Gli lasciano il divaricatore in addome
Paziente operato due volte in una settimana: nel primo intervento l’équipe aveva dimenticato un ferro di 15 centimetri
Mantova. Una spatola per separare gli organi interni dimenticata nell’addome di un paziente durante un delicato intervento in urgenza, ha costretto un’équipe chirurgica del Carlo Poma a rioperare l’uomo una seconda volta una settimana dopo per estrarre il corpo estraneo.
La sfortunato protagonista della vicenda è un 53enne della provincia di Mantova. L’uomo è comunque in buone condizioni di salute e a quanto risulta è ancora ricoverato in ospedale sotto osservazione.
Per questo errore commesso in sala operatoria la direzione della Asst ha subito aperto un’indagine interna per accertare responsabilità precise. Sotto la lente della direzione sono finiti tutti gli operatori sanitari che componevano l’équipe chirurgica. La commissione interna dovrà stabilire chi ha dimenticato la spatola nell’addome del paziente durante il primo intervento in urgenza.
Ecco i fatti. Il 27 settembre il paziente arriva al Carlo Poma in condizioni molto gravi. Per lui si aprono subito le porte della sala operatoria per rimediare ad un aneurisma. L’équipe della Chirurgia Vascolare entra subito in azione. L’intervento ha un esito favorevole e il paziente sottoposto alla delicata operazione risulta in buone condizioni. Ma alcuni giorni dopo inizia a lamentare alcuni disturbi, soprattutto dolori addominali. Si opta per una radiografia. E lì si scopre la natura del mal di stomaco: una spatola-divaricatore metallica della lunghezza di circa 15 centimetri è rimasta dentro l’organismo. Dimenticata durante l’intervento chirurgico.

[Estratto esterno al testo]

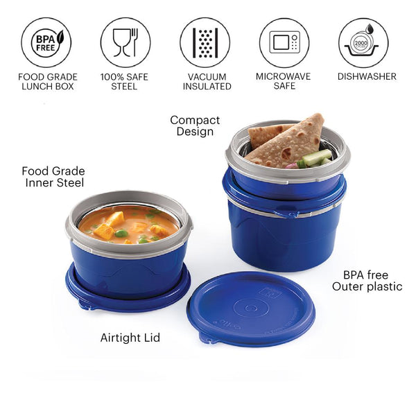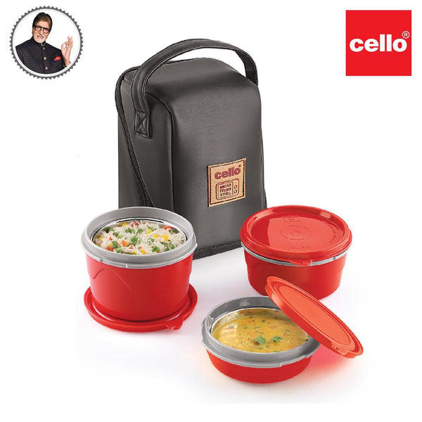 Experience the convenience of healthy eating with the MF Micro Insulated Lunch Box, a set of three insulated lunch containers designed to revolutionize your mealtime routine. With these BPA-free, FDA-approved lunch boxes from Cello, you can enjoy a well-balanced meal wherever you are. These lunch boxes feature a liquid-tight silicone seal on the lid, making them ideal for office, school, and travel, while their compact design ensures easy portability.

A quel punto per il paziente diventa necessario e urgente una seconda operazione: viene riaperto e i chirurghi della Vascolare gli estraggono la spatola. Dal Poma fanno sapere che l’uomo non ha subito complicazioni se non il fastidio, non irrilevante, di subire due interventi nel giro di una settimana.

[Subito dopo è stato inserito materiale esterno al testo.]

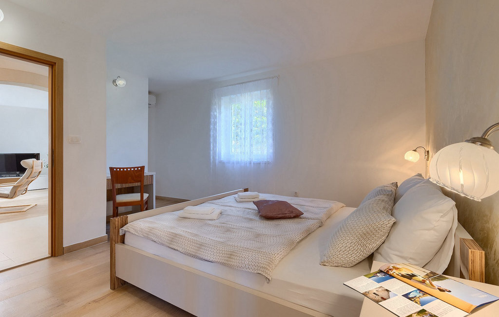Sveti Petar u Sumi tire son nom d'un monastère bénédictin du début du 12e siècle, mais a appartenu pendant des siècles aux Pauliciens - les moines blancs. C'est un lieu istrien inhabituel. Contrairement à d'autres lieux et villes d'Istrie, où les villages sont situés sur une montagne, Sv. Petar u Sumi se trouve sur un plateau vallonné, entouré de vieilles forêts. Dans les environs, il existe une piste cyclable de 18 km qui mène les visiteurs à travers une nature intacte. Le sentier de randonnée Krizni put, long de 4,2 km et comportant 14 stations avec des sculptures en pierre représentant des motifs sacrés, est également très attrayant. De nombreuses manifestations ont lieu à Sveti Petar u Sumi et attirent chaque année de nombreux visiteurs. La plus connue est la foire à la saucisse, où se déroule le championnat de farce traditionnelle à la saucisse. Non loin de la villa, vous trouverez de nombreuses tavernes où vous pourrez déguster les meilleurs mets d'Istrie. Nous vous recommandons de visiter d'autres destinations touristiques, comme les villes de Pula et Rovinj sur la côte et les villes médiévales de Motovun et Buzet en Istrie centrale.
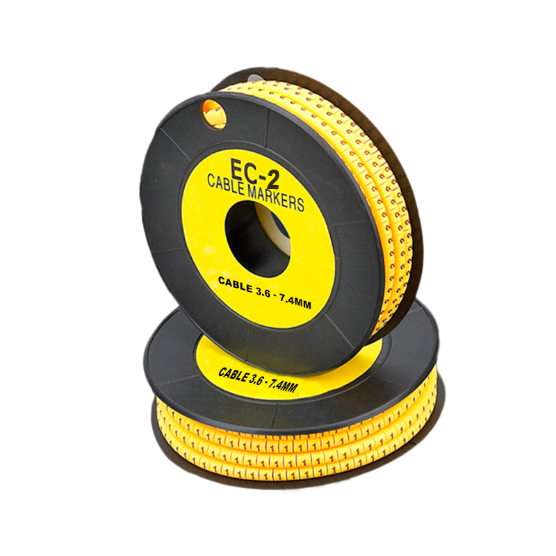 El MARCADOR TIPO ARO EC-2 (T) es un identificador de cable de color amarillo, diseñado para cables con un diámetro que va desde 3.6mm hasta 7.4mm. Se trata de un marcador de tipo anular (en forma de aro), que se coloca alrededor del cable para facilitar su identificación. El color amarillo facilita la visibilidad. Esta cantidad al por mayor es habitual para proyectos eléctricos industriales o de gran escala que requieren la identificación de cables.

A questo punto resta l’interrogativo su come sia potuto succedere un errore di questa portata. La prima spiegazione che trapela dalle corsie dell’ospedale di Mantova è che in occasione del primo intervento la spatola sia stata inondata e quindi nascosta dal sangue del paziente. Al momento di ricucire nessuno l’ha più vista e quindi lo strumento operatorio è rimasto nell’organismo.
Per ora solo supposizioni. Ad accertare quanto esattamente è successo in sala operatoria sono chiamati i componenti della commissione del Poma. L’eventuale responsabile sarà sottoposto a provvedimento disciplinare.